Another interesting aspect of the city abandoning the Northeast Area Plan which would have rezoned The Barlow area to allow the mix of uses you describe was that part of the plan would have required the buildings to be built on podiums, above the flood level. The road running through the center of The Barlow would have been similarly raised so the sidewalk would be at the same level as the ‘ground floor’ retail. This would also have allowed a massive amount of parking below the podium (no more complaints about not being able to find a parking space). And cars are easy to move when Laguna waters rise. But as you state, the prospect of up to 300 more housing units in town, and 4-story buildings (god forbid!) was too much for vocal opponents and they scared the council into voting down the plan. So we got The Barlow that complied with the zoning code but left everything in the path of flood waters…
Yep.
Here’s what I see unfolding over the long term – and the long term might be sometime after you and I are both dead. The current crop of over built vacant strip malls and office parks could be repurposed as housing someday. That sounds weird to a lot of people, but run down miserable industrial warehouses gradually transformed into luxury lofts in many places.

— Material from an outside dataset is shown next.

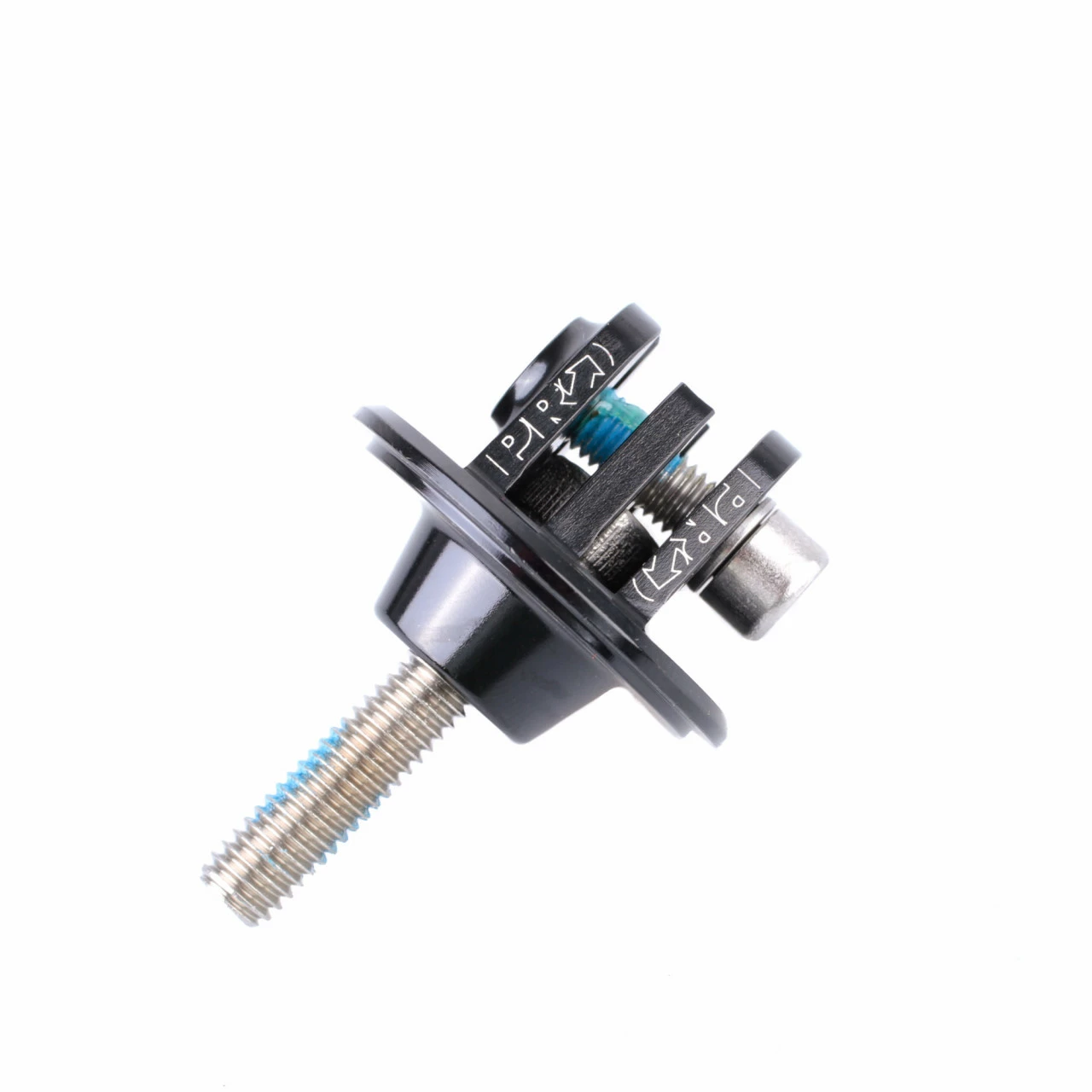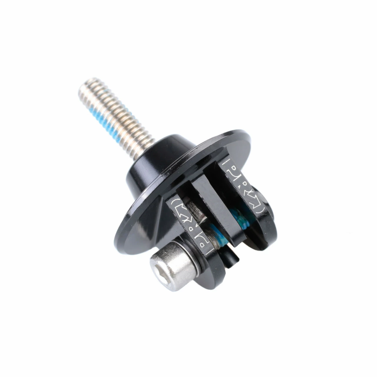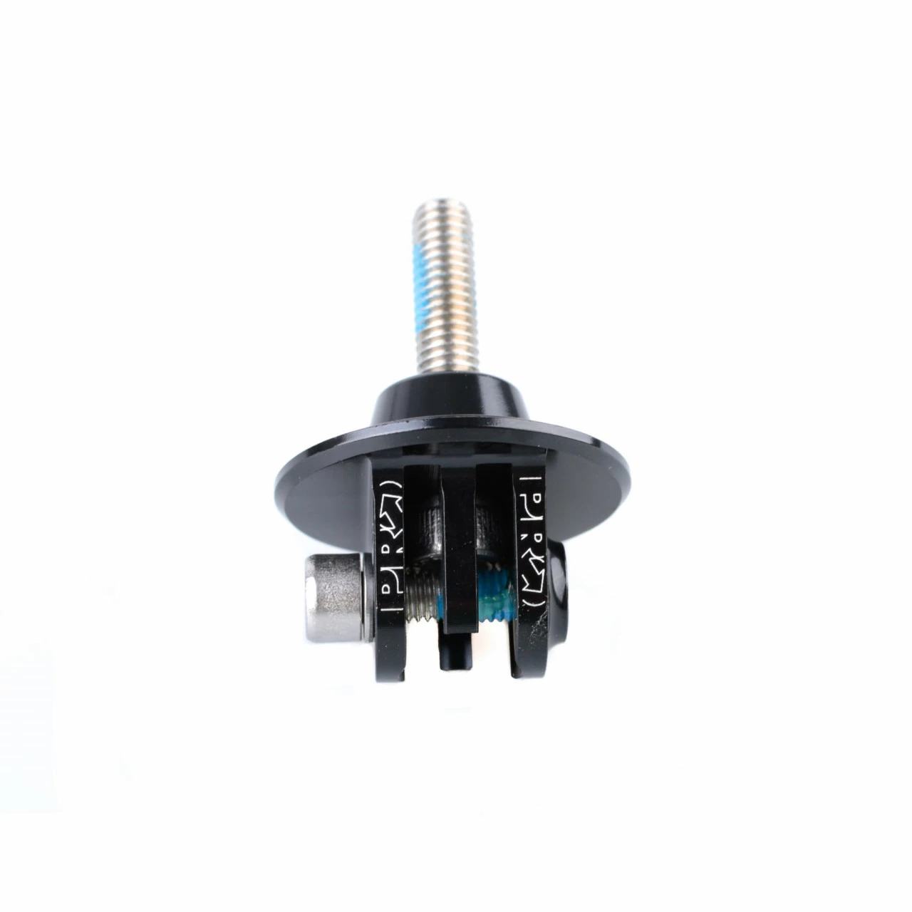 Die Halterung besteht aus hochwertigem, CNC-gefrästem Aluminium und wird mit einer Stahlschraube in den Steuersatz geschraubt.

The rules and culture that we have now can and will change – eventually. The driver of that transformation will likely be generational in nature. The old folks will die off and young people with different goals gradually assume positions of authority. What drives generational change? Pain and loss combined with hope and aspirations.
I’m wondering what kind of losses our midwestern banks are exposed to. When we hear about federal funds going there to “help”, I suppose they’ll be helping people keep up with their debt payments… helping the banks indirectly.
At some point, we’ll have to accept the fact the our population can’t grow forever. We’re already crowding into marginally safe real-estate, because the good spots are taken, and/or developing good farmland into acres of grass and asphalt. Some day, that has to stop.
You’re making the assumption that federal aid is designed to help farmers and the banks are just the vector. It’s the other way around. The banks are being saved and the farmers are the vector.
Here’s a parallel example. I was in Pripyat in the Ukraine (Chernobyl) and a French guy I was traveling with was complaining bitterly about all the French money that was spent on the clean up operation at the nuclear plant. I let him vent for a while. Then I spoke up. The French money never left France. The French government presented the money to Ukraine on paper, but it was all spent in France on French workers and French equipment that just happened to be deployed in Ukraine. It was really a make-work program for the French. The Ukrainian employees were the cafeteria ladies and the people who cut the grass around the plant.
Re: population
The US has a fertility rate of 1.8 children per woman. The replacement rate is 2.1. Without immigration (I have no particular opinion on the subject) the US would not only be rapidly aging but also shrinking in population.
Canada is at 1.6
Mexico is at 2.18 and dropping fast.
Brazil 2.08 and falling
Thailand 1.48
Vietnam 1.95
Iran 1.6
Japan 1.4
Russia 1.7
South Korea 0.96
China 1.62
In other words the population of every rich and moderate income country is falling and they will continue to contract for the rest of this century. Europe and parts of Asia are on schedule to drop by half over the coming decades.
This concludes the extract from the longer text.